• [Task goal]: From the records below, print only the part that opens with the line containing "5、权限授予后,您可以通过单击解锁 90 FPS 按钮解锁 90 FPS" and closes with the line containing "梅德韋杰夫在華感嘆中國發(f"; omit the pictures.

• [Exercise input]:
☆ ☆ ☆
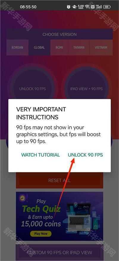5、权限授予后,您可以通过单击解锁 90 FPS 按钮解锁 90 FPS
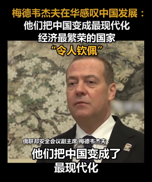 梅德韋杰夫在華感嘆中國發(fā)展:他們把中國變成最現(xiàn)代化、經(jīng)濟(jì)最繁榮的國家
☆ ☆ ☆
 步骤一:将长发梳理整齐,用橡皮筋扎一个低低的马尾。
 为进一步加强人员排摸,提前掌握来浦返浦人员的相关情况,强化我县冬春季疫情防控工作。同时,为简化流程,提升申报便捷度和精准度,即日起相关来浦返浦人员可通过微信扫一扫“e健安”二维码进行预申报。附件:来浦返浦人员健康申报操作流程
☆ ☆ ☆
• [Response to the task]:
5、权限授予后,您可以通过单击解锁 90 FPS 按钮解锁 90 FPS
 梅德韋杰夫在華感嘆中國發(fā)展:他們把中國變成最現(xiàn)代化、經(jīng)濟(jì)最繁榮的國家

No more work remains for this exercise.